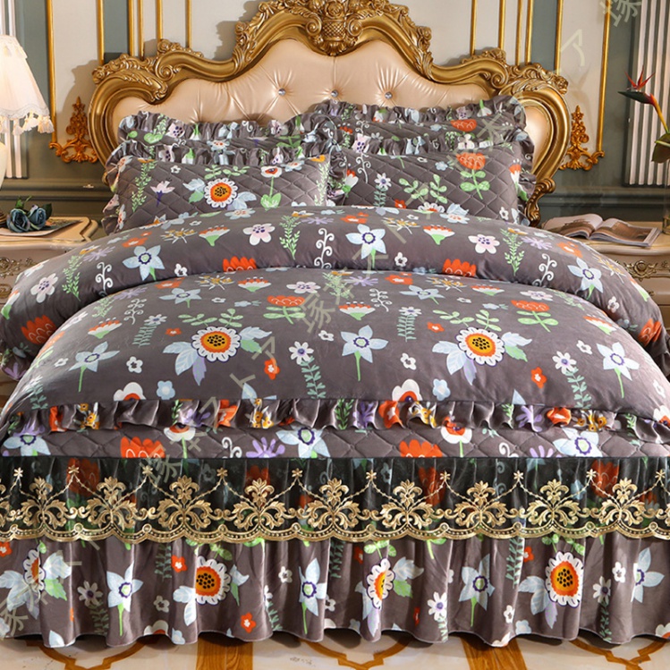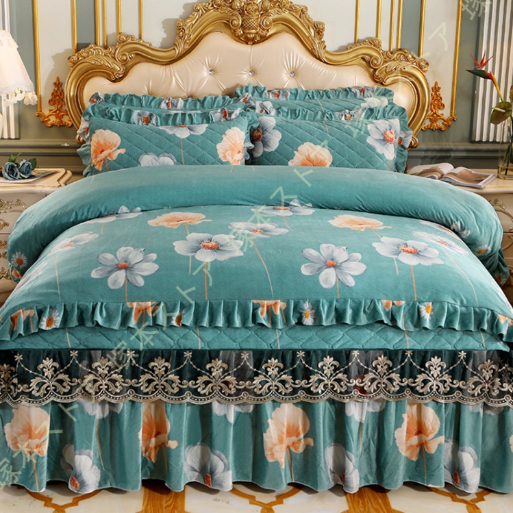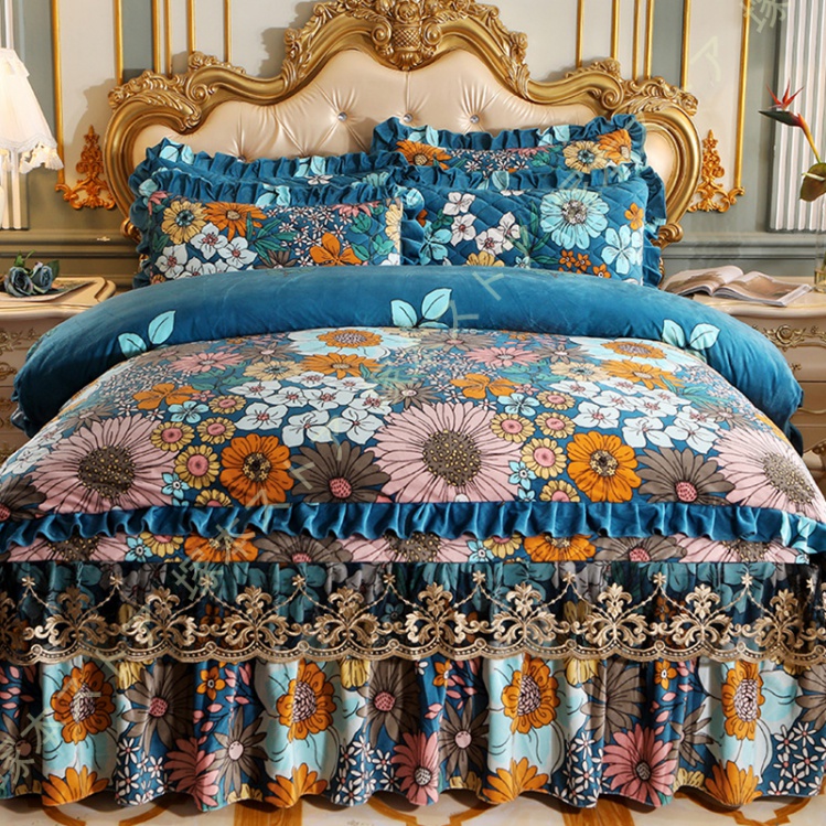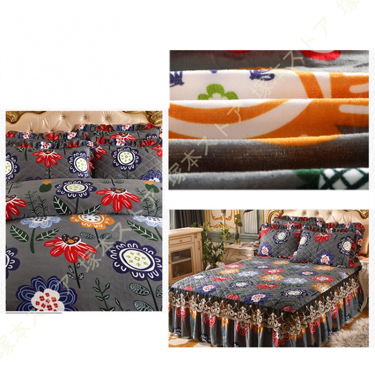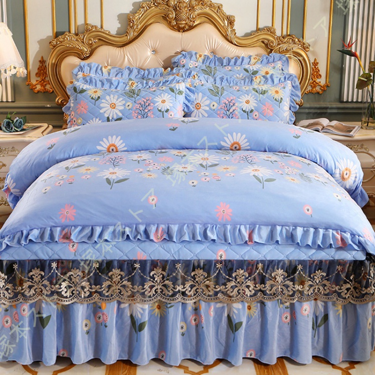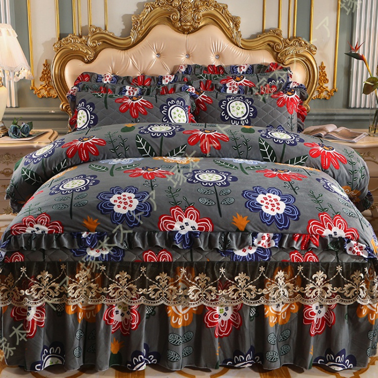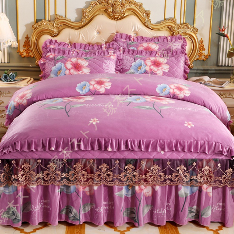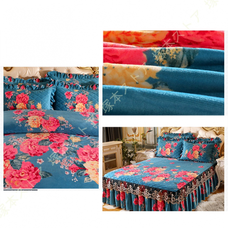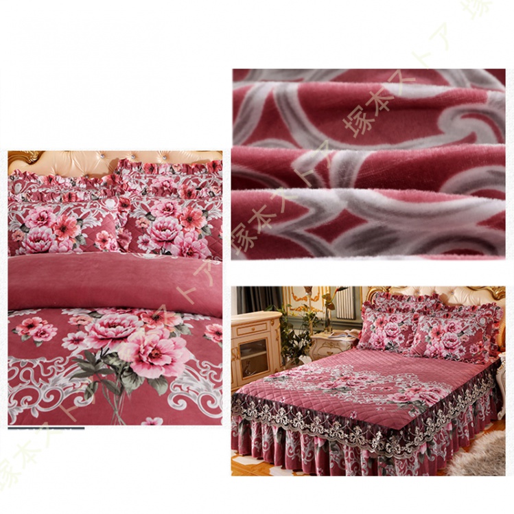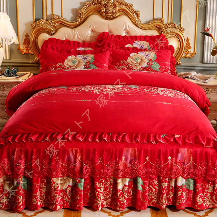 防寒 冬 ベッドスカート シングル 宮廷風 薔薇柄 マットレスカバー ダブル 単品 掛ふとんカバー 枕カバー 寝具カバー フランネル あったか 静電防止 快眠
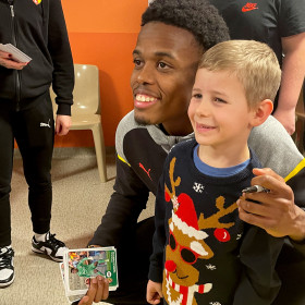 Comme chaque année, près de 1000 cadeaux ont pu trouver preneurs, notamment lors de la distribution réalisée ce mercredi. Comme à l'accoutumée, le service de Pédiatrie du Pavillon de l’enfance de l’hôpital de Lens et le Centre de soins Saint-Exupéry de Vendin-le-Vieil ont ouvert leurs portes au RC Lens, plus précisément à Sarah M’Barek, Jimmy Cabot, Tess David, Wuilker Farinez, Jennifer Meunier, Suzy Morin, Yannick Pandor, David Pereira da Costa, Florian Sotoca et Emma Smaali. Pour sortir les enfants malades de leur quotidien, ils ont joué au Père Noël, aidés par des membres des associations de supporters des Red Tigers et des Wolf.
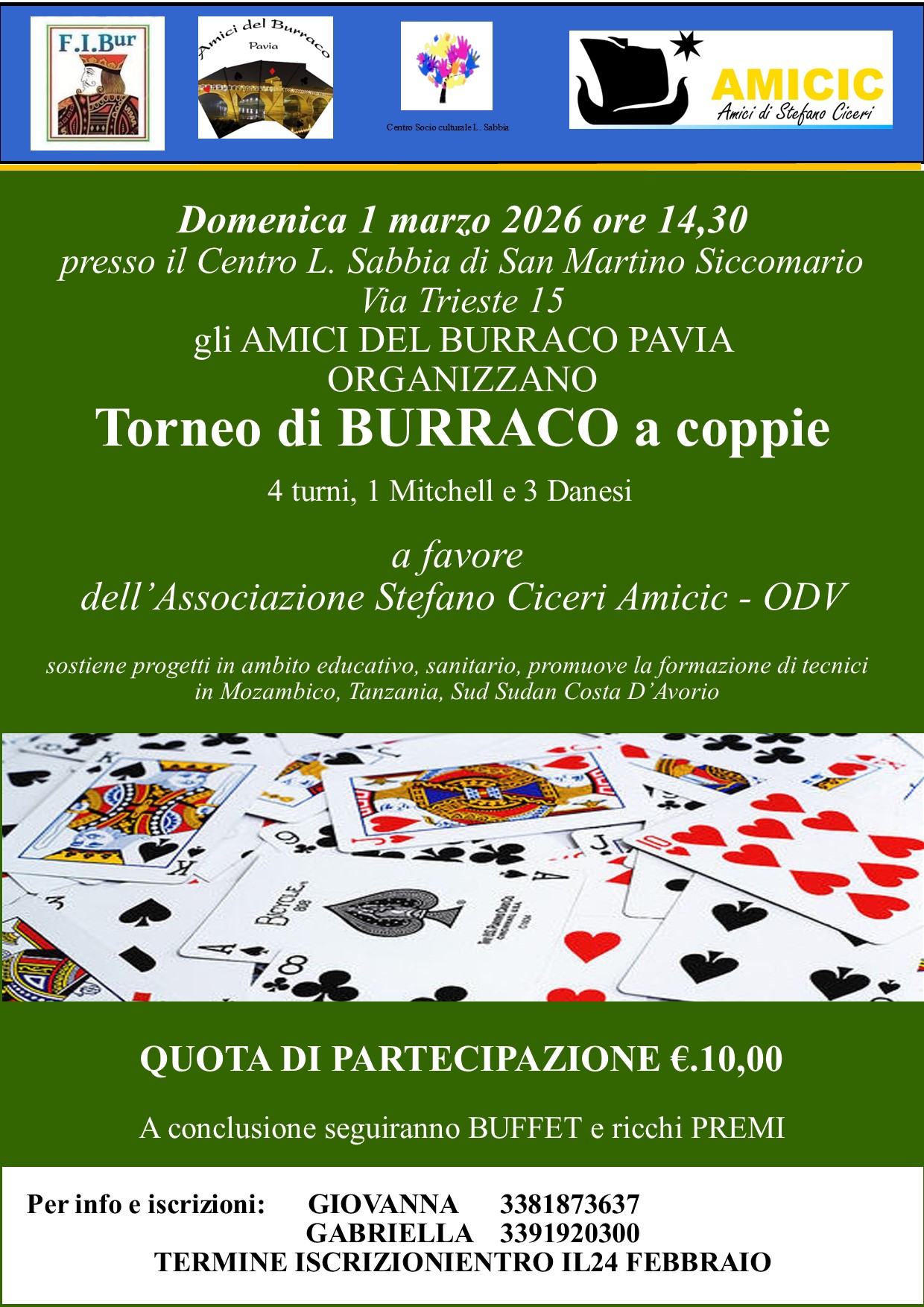 L’iniziativa è organizzata dagli Amici del Burraco Pavia e si svolge a favore dell’Associazione Stefano Ciceri Amicic – ODV, realtà impegnata nel sostegno a progetti educativi e sanitari e nella formazione di tecnici in Mozambico, Tanzania, Sud Sudan e Costa d’Avorio.
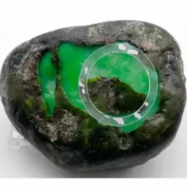 铁锈皮为黑黄,它可以出现在不同颜色的沙壳上,一条条宽窄不等,有的是片状走向,有的是块状。铁锈壳如果沙粒适中,翻得有力而规整,切割后底和色都好,他们大多数底灰,如果它是高绿的,就可以克服底灰的毛病。不怕底灰,只怕无色,一经有色,色必是又翠又水。
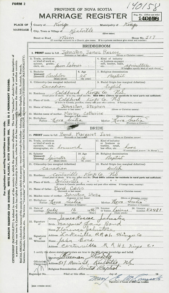 28. Date of marriage July 16 1946 29. By license or banns License 30. License number 82481
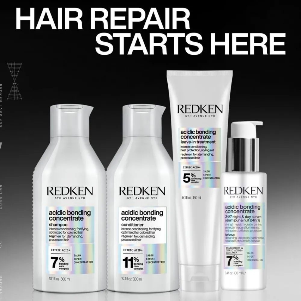 Professionel formel! Redken Acidic Bonding Concentrate Leave-In Treatment er Redkens mest koncentrerede alt-i-en-formular til reparation af styrke til alle typer af skadet hår. Denne ultrarige og luksuriøse leave-in-behandling reparerer håret fra skællag til bark og giver reparation af styrke, intens pleje og beskyttelse mod falmet farve.
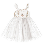 Fabric: The ribbed tulle dress features an ultra-soft bodice crafted from a blend of bamboo and organic cotton, lined with solid bamboo for extra comfort. The skirt boasts three full layers of tulle, adding a gorgeous, voluminous flair.
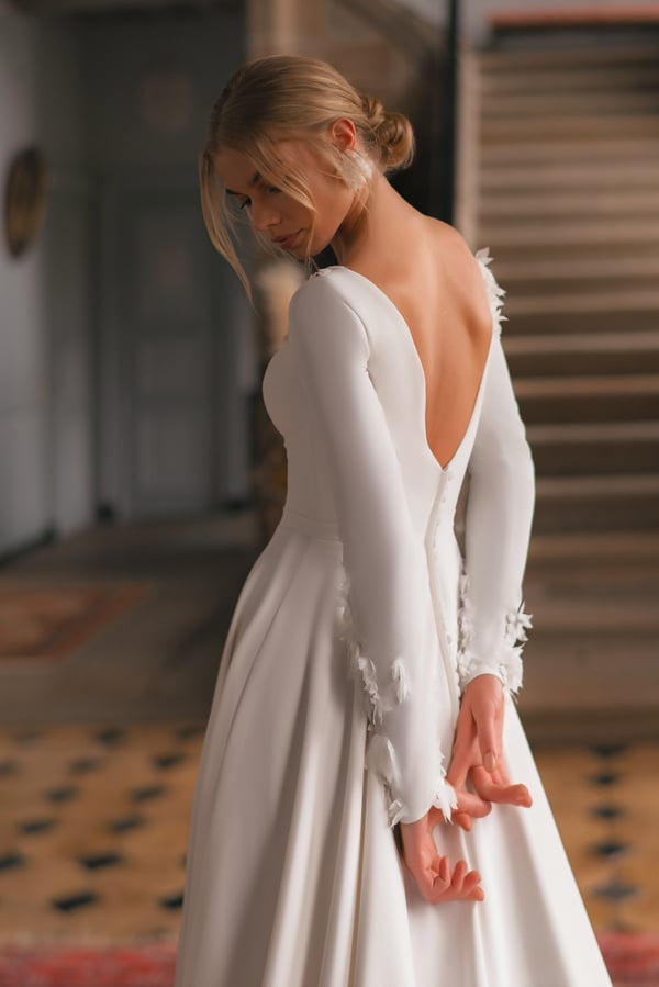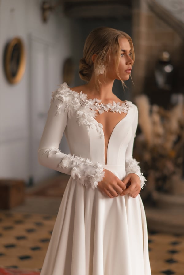 The Margo A-line dress is designed for brides who want to complement the minimalist style with romantic notes. The laconic high-quality crepe fits incredibly well and falls in soft lines down the skirt. The low neckline to the waist is covered with transparent mesh, and the back has a V-neck and a zipper with a row of functional buttons covered with fabric. The waist is emphasized by a decorative sewn-in belt. The long sleeves and neckline are asymmetrically embroidered with 3D flowers.
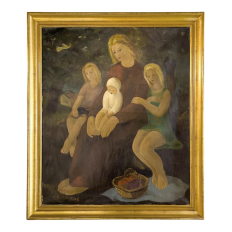 Mid-Century Framed Oil Painting on Canvas by Marcel Dumont ~ dated 1943 is a poignant family portrait of a mother and three daughters in a reflective pose, showing the artist's flair for dramatic emotion.  Entitled "Maternite" on the back, it survives in its original frame, and was painted during the occupation of Liege in what is now Belgium, very near...
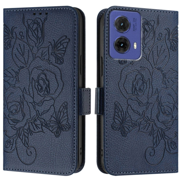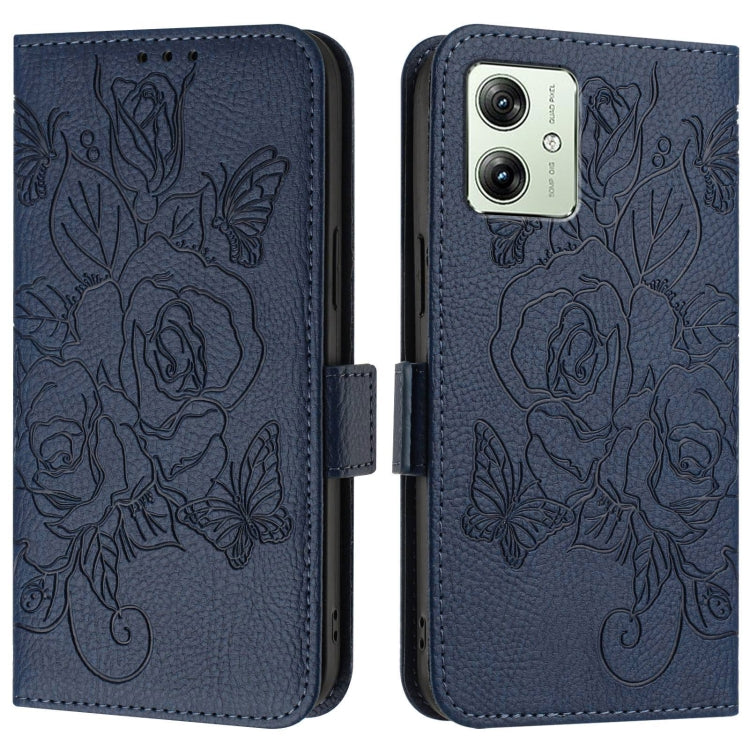 Funda de Cuero Antirrobo RFID para Motorola Moto G54 5G Eu/Brasil con Relieve Rosa (Azul Oscuro)
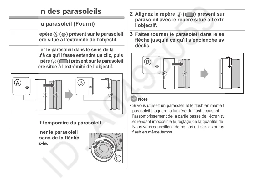 • Si vous utilisez un parasoleil et le flash en même temps, le

= = = =

**PROBLEM DETAILS:** Although the records above contain pictures, the copy should not; retype exactly the lines from the one containing "28. Date of" through the one containing "Mid-Century Framed Oil".

**ANSWER TO THIS TASK:**
 28. Date of marriage July 16 1946 29. By license or banns License 30. License number 82481
 Professionel formel! Redken Acidic Bonding Concentrate Leave-In Treatment er Redkens mest koncentrerede alt-i-en-formular til reparation af styrke til alle typer af skadet hår. Denne ultrarige og luksuriøse leave-in-behandling reparerer håret fra skællag til bark og giver reparation af styrke, intens pleje og beskyttelse mod falmet farve.
 Fabric: The ribbed tulle dress features an ultra-soft bodice crafted from a blend of bamboo and organic cotton, lined with solid bamboo for extra comfort. The skirt boasts three full layers of tulle, adding a gorgeous, voluminous flair.
 The Margo A-line dress is designed for brides who want to complement the minimalist style with romantic notes. The laconic high-quality crepe fits incredibly well and falls in soft lines down the skirt. The low neckline to the waist is covered with transparent mesh, and the back has a V-neck and a zipper with a row of functional buttons covered with fabric. The waist is emphasized by a decorative sewn-in belt. The long sleeves and neckline are asymmetrically embroidered with 3D flowers.
 Mid-Century Framed Oil Painting on Canvas by Marcel Dumont ~ dated 1943 is a poignant family portrait of a mother and three daughters in a reflective pose, showing the artist's flair for dramatic emotion.  Entitled "Maternite" on the back, it survives in its original frame, and was painted during the occupation of Liege in what is now Belgium, very near...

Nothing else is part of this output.